春の日

 期待ってやつはどうやら裏切られたときにこそその全貌を現すものらしい。


 びびるよな実際。俺のこの落胆振りはどうだ。わかってたことじゃないか。

 いくら選択科目がほぼ同じだって、日本史受験の英語選択なんて一番ありきたりな組み合わせ、二クラスは編成されるんだから確率は良くて五分、ましてや部活でつるんでるような奴は離されるなんて常識だ。そんな会話をそれとなくあいつとも交わしたはずだろ。

 だから期待なんてしてない、とほんの数分前なら誰かに聞かれてもそう言えたのに。

 張り出された名簿を目の前にしたこの落胆振りは一体なんだ。どうやら俺はそれでも五分以上の期待を抱いていたらしい。

 期待してなかったなんて言ったら大嘘になるな。期待してたんだろなんて聞いてくる奴は恐らくいないから、嘘はつかずに済みそうだけど。


 掲示板に背を向け新しい教室に向かう。

 何を凹む必要がある、何も変わらないだけだ。同じ教室にあいつがいないことも、きっと、部活の前にあいつがそこに顔をだすであろうことも。

 また季節が巡っても、きっとこうして俺たちは何も変わらない。

 そして、俺はどこかでそれを望んでるじゃないか。



 あいつの名前は隣りのクラスの名簿にあった。だから通りがかりになんとなくそこを覗いたら、珍しく早く登校していたあいつと目が合った。

 俺を見つけて待っていたかのように教室から出てくるから無視するわけにもいかずに脚を止めた。

 そして俺は性懲りも無くこいつの言葉を期待する。多分、期待している。

「おまえ、何暗い顔してんだよ、凹み過ぎじゃね?」

 恐らく期待していた。どこかで、新学期早々沈みがちなこのどうしようもない気分を共有できるんじゃないか、とか。

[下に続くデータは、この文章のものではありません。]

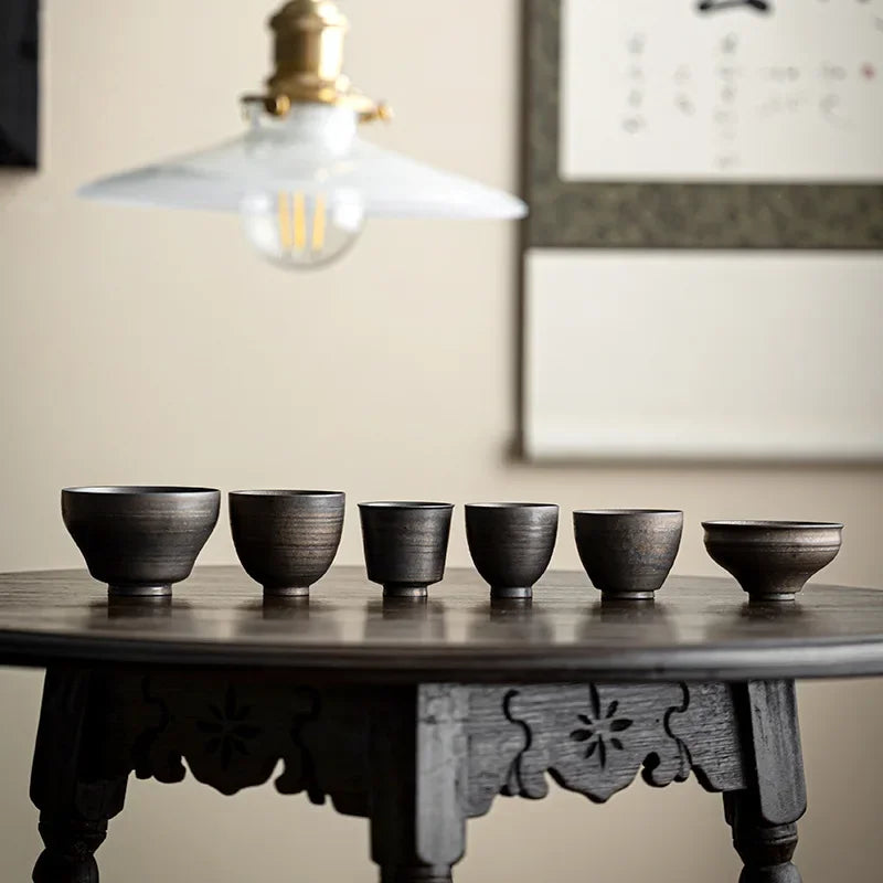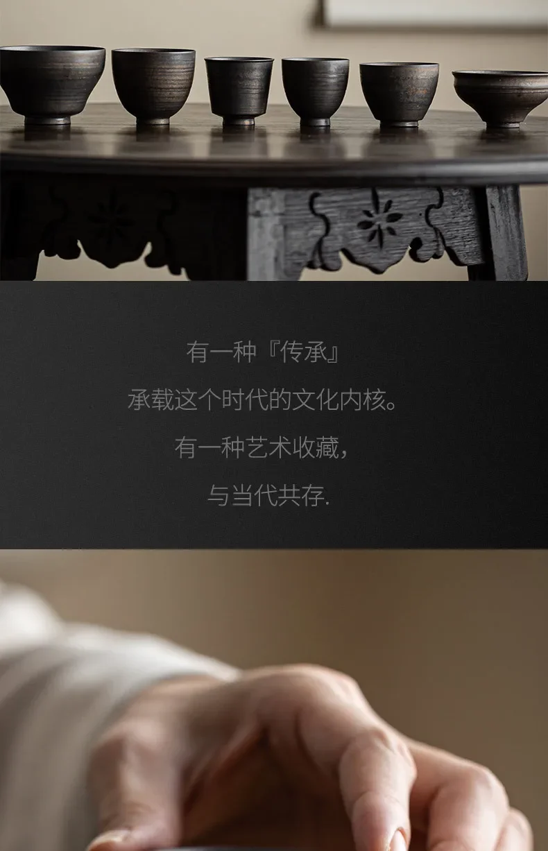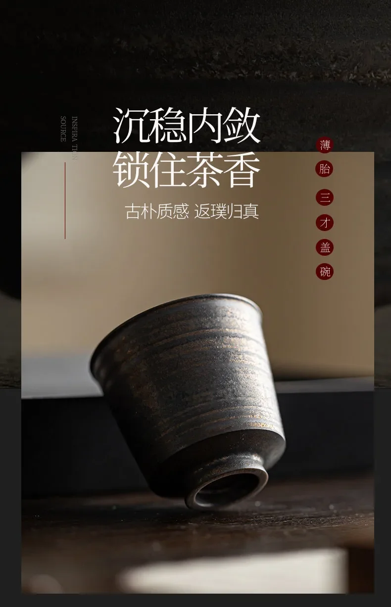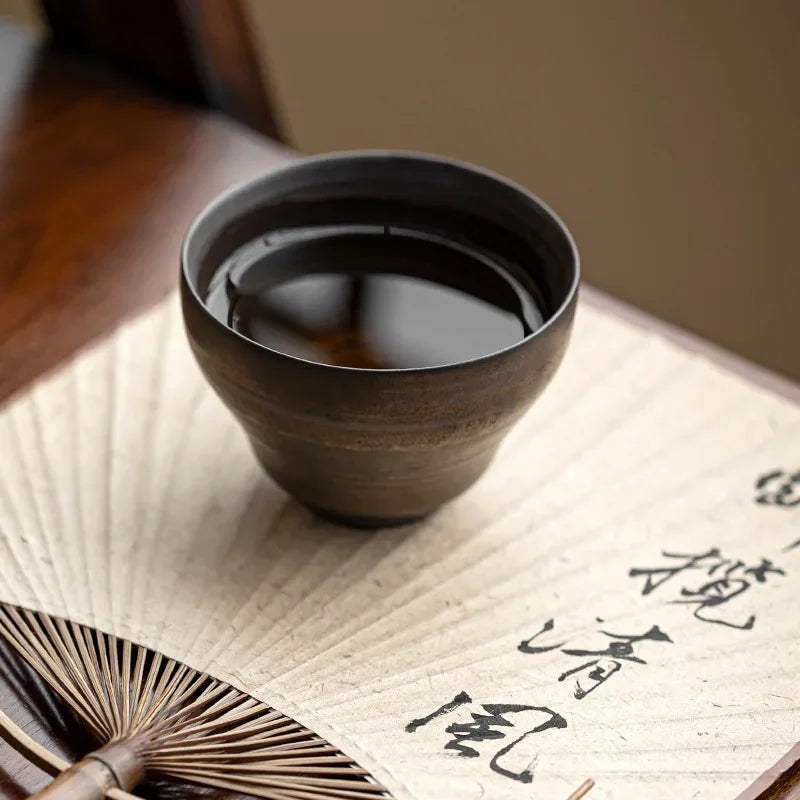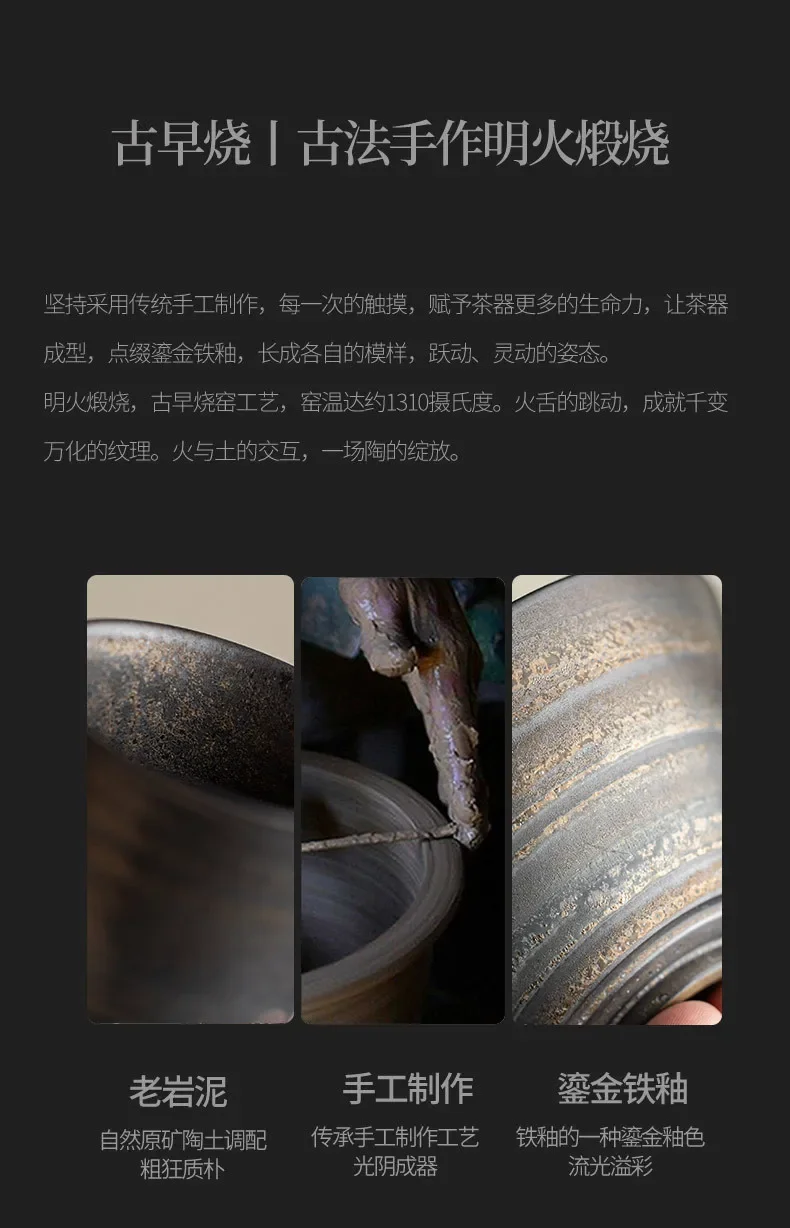 Kung Fu Tea Set Personal Cup Household Stoneware Retro Master Gilt Handmade Pottery Cups Teaware Kitchen Dining Bar Home Garden
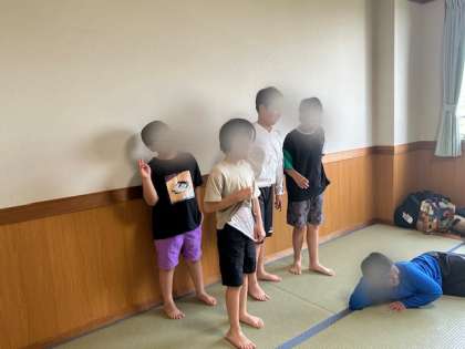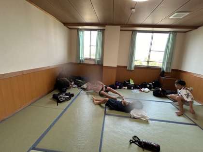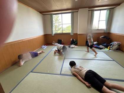 魚つかみと焼き板磨きを終えて宿に戻って来ました。暑くて汗ぐっしょりです。部屋でくつろぐ男の子たちです。
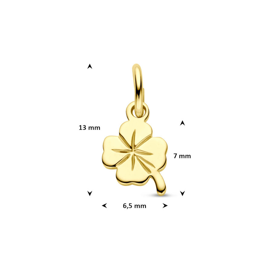 A small piece of jewelry with a profound meaning. With its refined size of 7 x 6.5mm, the piece has a subtle appearance, while the 14k yellow gold provides a luxurious and durable character. A meaningful detail that effortlessly enhances any necklace. The clover is finished with a sturdy eyelet, making it suitable for both delicate and slightly thicker necklaces. The pendant comes without a necklace and can be worn on your own necklace or on one of the many necklaces we have in stock. Perfect for everyday wear or as a gift as a lasting sign of luck, love, and protection.
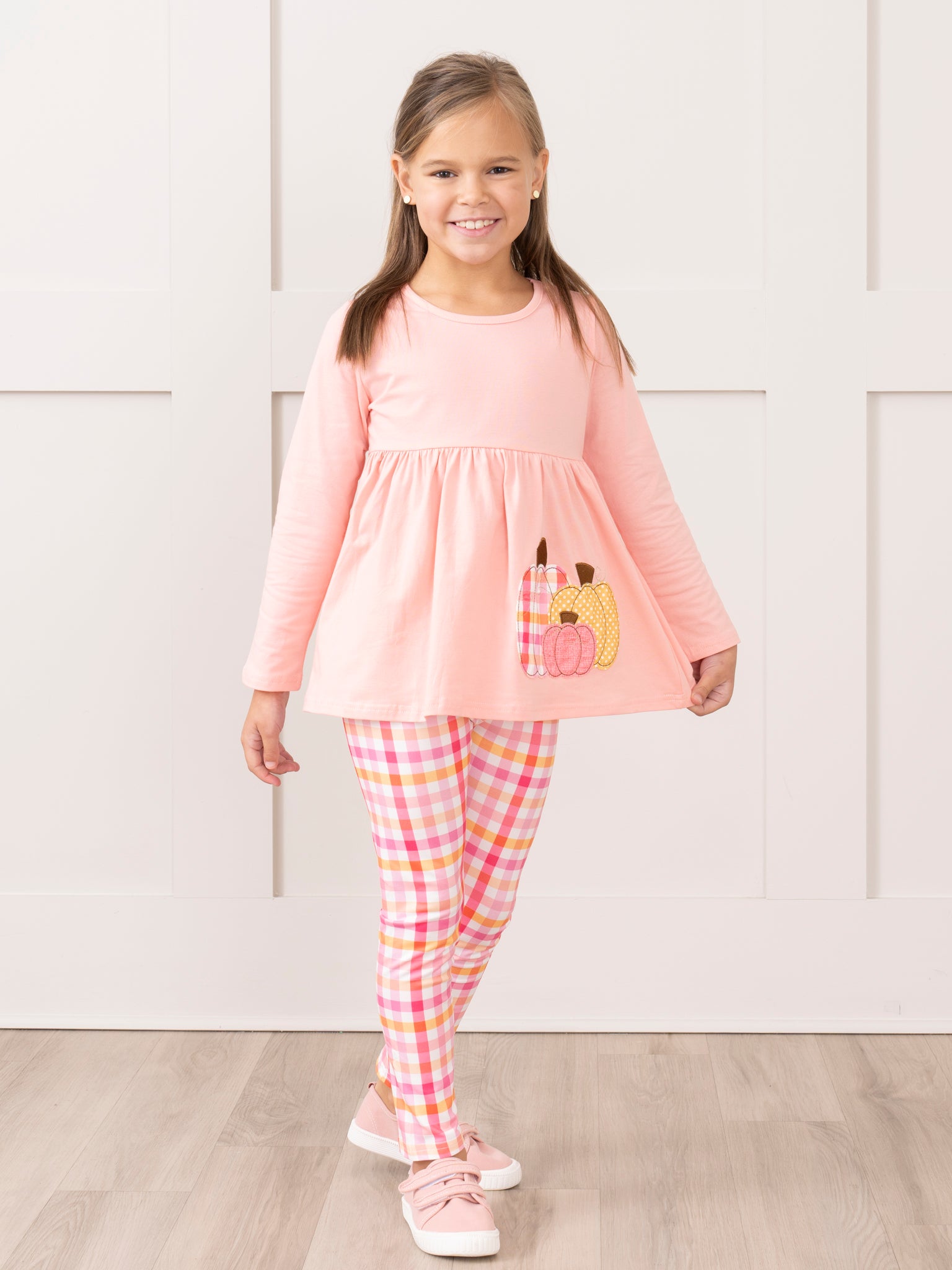 Salmon Pumpkin Plaid Swing Outfit
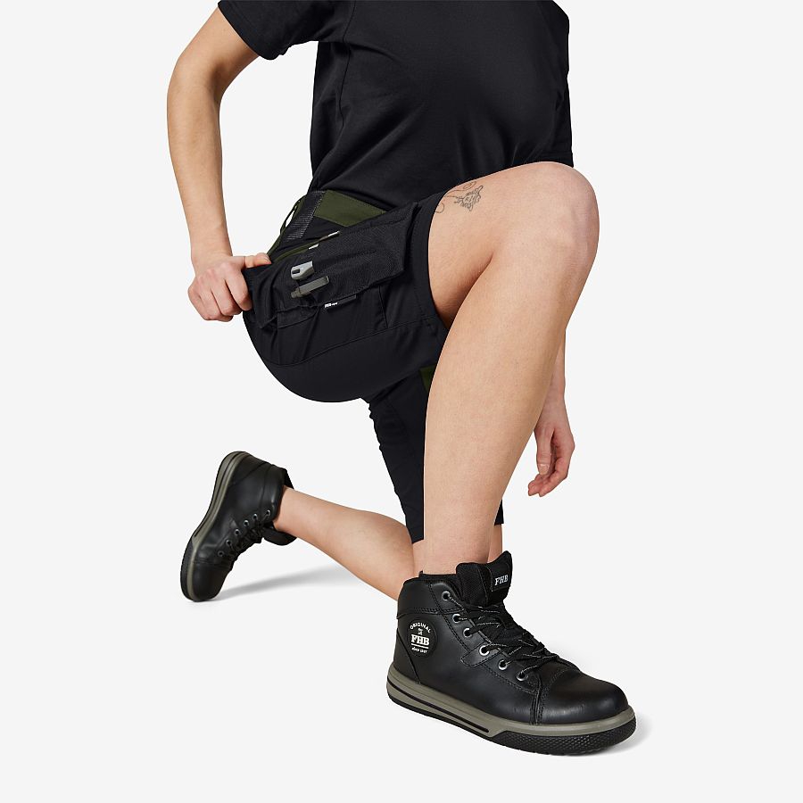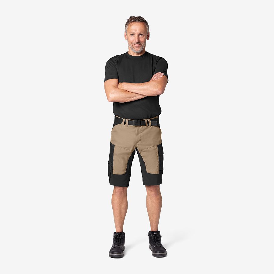 Die neue FHB Short KIM kombiniert das robusten FHB-Vollzwirn-Gewebe mit einer extremen Leichtigkeit. Stretchgewebe wird an den Bewegungszonen eingesetzt und sichert Ihnen maximale Bewegungsfreiheit in jeder Position. Elastische 3D-Frinlock-Einsätze verbessern den Komfort der Arbeitsshort KIM nochmals. Gesäß- und Schrittbereich wurden zusätzlich mit Cordura® verstärkt. Die Short KIM von FHB setzt hinsichtlich Ergonomie und Passform neue Maßstäbe und kombiniert auf einzigartige Weise maximale Bewegungsfreiheit mit intelligenten Taschenlösungen und einer hohen Robustheit.
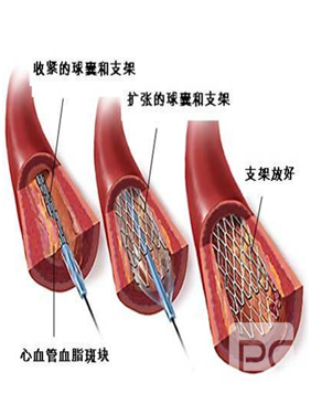 ![]() | → | 最后,在冠脉病变处,对其扩充、植入支架,使冠脉管腔扩大,从而改善心脏血流。 |
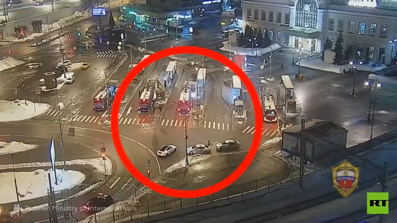 نشرت وزارة الشؤون الداخلية الروسية لقطات توثق لحظة انفجار عبوة ناسفة بالقرب من سيارة شرطة في ساحة محطة سافيولوفسكي بموسكو ليل الاثنين إلى الثلاثاء أدى إلى مصرع شرطي ومنفذ الانفجار....

 だから、至極朗らかに言われて言葉に詰まった。どう返すべきだ。

「うるせぇよ」?それとも「おまえのそれはカラ元気か」とでも言ってやるか。

 考えてるうちにも俺の相棒はあくまで明るくまた話し出す。

「仕方ねぇだろわかってたことじゃん。あっちは全国区。こっちはよくて県大会」

「…?」

 何の話だ。少なくともクラスの話じゃなさそうだ。

「あっれ、おまえその顔は連絡板チェックしてねぇな?困るね最高学年がそんなだと」

「…バレー部?」

「そゆこと。今年は火曜と金曜があっちの全面使用だってさ」

 放課後の練習の、体育館の利用制限の話だ。追い出された俺らバスケ部は週2日、ゴールポストの無いトレーニングルームでみっちり基礎練習に打ち込む羽目になる。

 って、そんなの毎年恒例わかりきってたことだろ。今更そんなことで凹むかよ。

 なんて言い返したらやぶ蛇だ。そんなことじゃなければどんなこと、と聞かれてまごつく姿なんてこうなったら意地でも見せてやるものか。

「で?」

「あ?」

「何そんな凹んでんの」

「…別に」

 どうやら藪をつつかなくても蛇は出てくるものらしい。不意を突かれたら逃げるしかない。

 そのまま自分の教室へ向かいかけた俺の肩を、あいつが掴む。

「けど、ま、隣りじゃん?体育と長文読解は合同らしいぜ、悪くないだろ」

 俺の肩を一度叩き、そう言い捨ててまともに視線も合わせずに教室の中へ戻っていく。

 蛇に睨まれた蛙、なんて反応は期待していないらしい。

 視線の先には背中が見えるだけ。



 なんだよそれ。ずるくねぇ?

 


 形を成さない問いかけは結局また胸の内の定位置にすっぽりと収まってなりを潜めて、まるで邪魔されたうたた寝の続きでもしてるみたいだ。

 そう思ったらその心地よさに思わず欠伸が出た。



 ―――悪くないだろ。

 …そうだな、確かに悪くない。



 少し軽くなった心の隙間でふと思う。

 あぁ、あいつが早く登校したんじゃなくて、今日は俺が遅かったんだ。

 


 なんとなく寝付けなかっただるさを引きずって、あと五分、あと五分とか思いながらほんの少しの焦燥感と闘いつつ布団の中でうとうとして過ごしたんだった。

 


 春眠暁を覚えず。

 


 こんな季節が変わらないことを、俺はやっぱりどこかで望んでいる。